То, что он сказал в это воскресенье о том, что он посватался [бы] за ней, он сказал спьяна то, что у него было на уме. «Здоровая, простая женщина, будет добрая хозяйка, мать. Может, когда-нибудь заведусь землицей, домом. А главное дело, один не проживешь без греха. А уж этого греха нет хуже», — думал он.
Так он думал и в это воскресенье, обедая у Афанасьевны вместе с Натальей и ласково разговаривая с ней.
Иван Федорович Порхунов вернулся на другой день поздним утром. Александра Николаевна заснула только перед утром, и дочь Александра, которую звали Линой, и англичанка-гувернантка с тремя малышами — два у няни — встретили его в передней.
Перецеловав детей и, кроме поцелуя, ласково коснувшись курчавившегося затылка Лины, очень хорошенькой, с открытым, веселым, здоровым лицом шестнадцатилетней девочки, он улыбнулся ей.
— Ну, что мама? — сказал он.
— Она, кажется, очень поздно легла. А то была здорова.
— А что Неустроев? Не остался?
— Нет, нынче Петр Васильевич — это был старый слуга дома — сказал, что совсем уехал и вещи взял.
— Жалко. Хороший был и учитель и человек хороший, даром что революционер. Я все надеялся. Ну, и ты молодец, все такой же забияка, — сказал он сынишке Пете и прошел к себе.
Возвращение домой, в свою семью, к привычной не только вещественной, но и духовной обстановке, всегда было не то что радостно, а было что-то вроде того, что снял узкий мундир, надел халат и туфли, перестал приглядываться, выбирать, а пустил поводья и, спокойно правя, подвигаешь и куда надо. Сильные, как на подбор, дети, хорошие, спокойные отношения с крестьянами, прислугой, привычные часы принятия пищи, отдых, диван, письменный стол, всегда интересное чтение и, главное, та же добрая, с своими недостатками, восторженностью, легкомысленностью, несмотря на годы, но хорошая, с золотым сердцем, любимая и любящая жена, друг, больше чем друг, а именно alter ego, которое разнообразило его одно свое однообразное ego.
Он сам задремал у себя в кабинете, разбудила его жена.

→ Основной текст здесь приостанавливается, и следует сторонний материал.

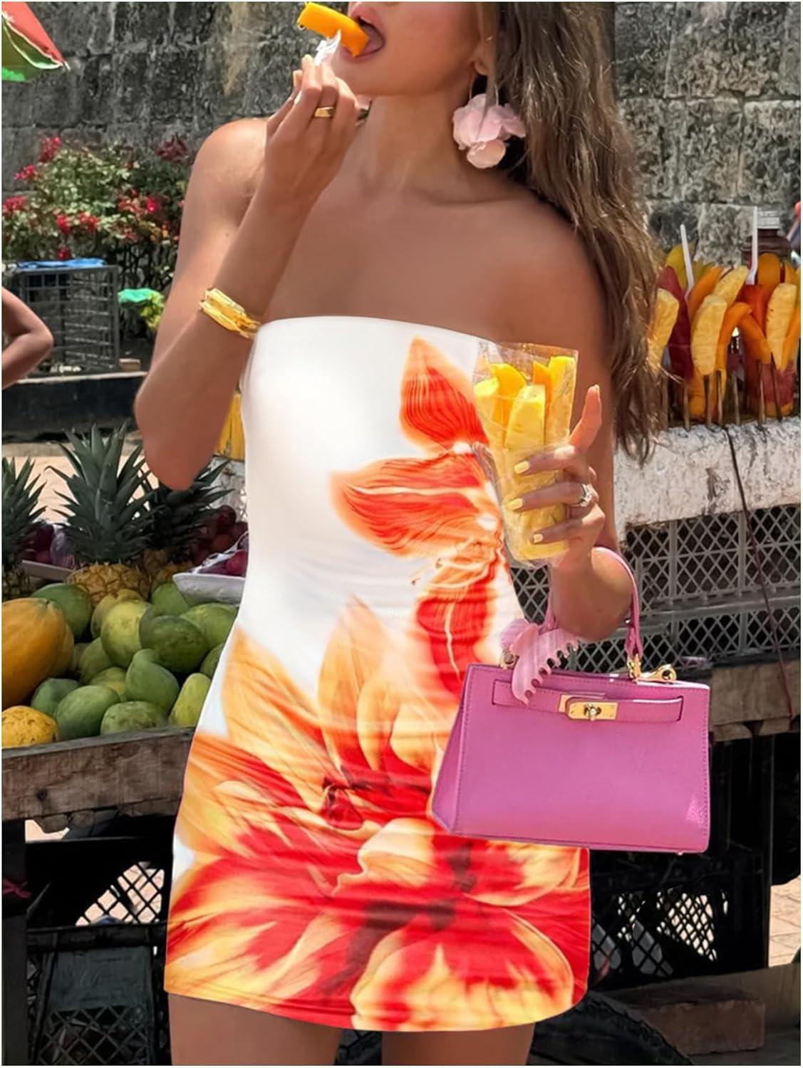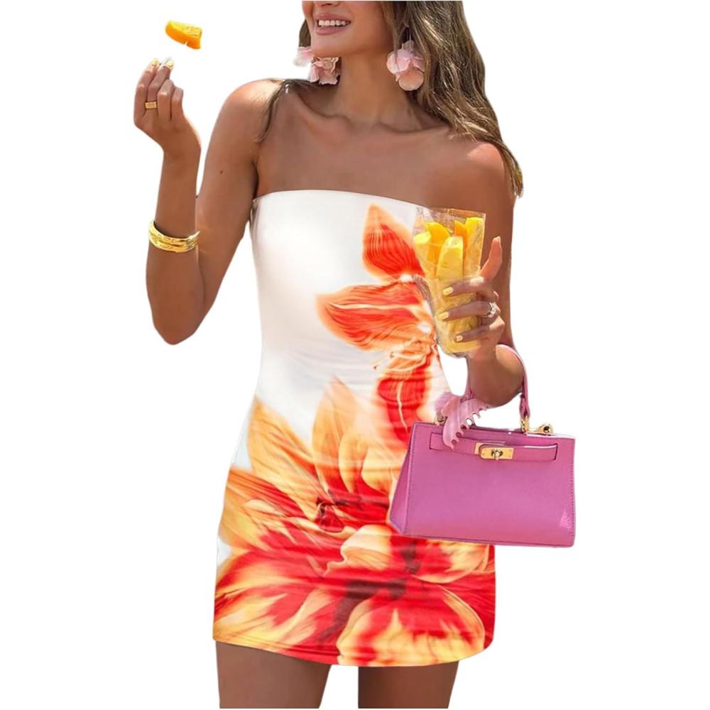 SOLY HUX Women’s Floral Print Mini Tube Dress Strapless Sleeveless Bodycon Dresses(White Flower Printed)

— Ах, прости, я не думала, что ты спишь.
— Что за беда, спасибо, что пришла. Детей я видел. Ты как?
— Да я — я хорошо.
Они поцеловались. Он заметил, что она была как бы взволнована чем-то. Но это часто с ней бывало, и потому он, как и всегда делал, когда замечал, что она взволнована, делал вид, что не замечает этого, и рассказал ей про свою поездку.
— Ну, а что наш Неустроев, уехал?
— Думаю, что уехал. Он…
— Так ты не удержала его?
— Что ж я могла, — сказала она.
«Боже мой, как я отвратительна», — думала она про себя.
«И как я гадок, — думал про себя Иван Федорович, — что позволял себе думать про нее, что она могла увлечься им. Да, очень мы гадкие люди, не жившие чисто в своей молодости».
— Ну, что ж делать. Я напишу Мише. Он найдет нам студента.
— Да, надо будет, Звонок к завтраку. Я пойду. Ты придешь?
— Только просмотрю письма и приду. Ты не можешь себе представить, как хорошо вернуться домой, к тебе, к детям, к дивану своему.
«Неужели я буду иметь силы продолжать жить в этой лжи, в этой… гадости. Сказать нельзя. За что погубить его спокойствие? А молчать тоже нельзя, — думала она, выходя. Но тут же вспомнила его, его восторженно-влюбленное лицо, и почувствовала, что счастье его любви так велико, что можно страдать за него. — Только бы он не погубил себя, остался бы жив. Это, наверное, какое-нибудь отчаянное дело, и он возьмется за него. И тюрьма, смерть. Ох — не могу думать».
Стыд, раскаяние ее были так велики, что она не могла бы перенести их, если бы не верила в непреодолимость своей любви, и она невольно преувеличивала свою любовь. Это одно избавляло ее от муки стыда и раскаяния.
Она не то что воображала его человеком таким, подобных которому она никогда не встречала в своей жизни, даже таким, лучше которого не могло быть человека, но она действительно видела в нем все высшие совершенства. А видела она их оттого, что она любила его. Все не только нехорошее, что было в нем, исчезало для нее, а весь он был для нее составлен из тех добрых черт, которые были в нем. И ум, и тонкость понимания, художественное чутье, и доброта, и правдивость, и главное — самоотвержение, то самое самоотвержение, которое и погубит его.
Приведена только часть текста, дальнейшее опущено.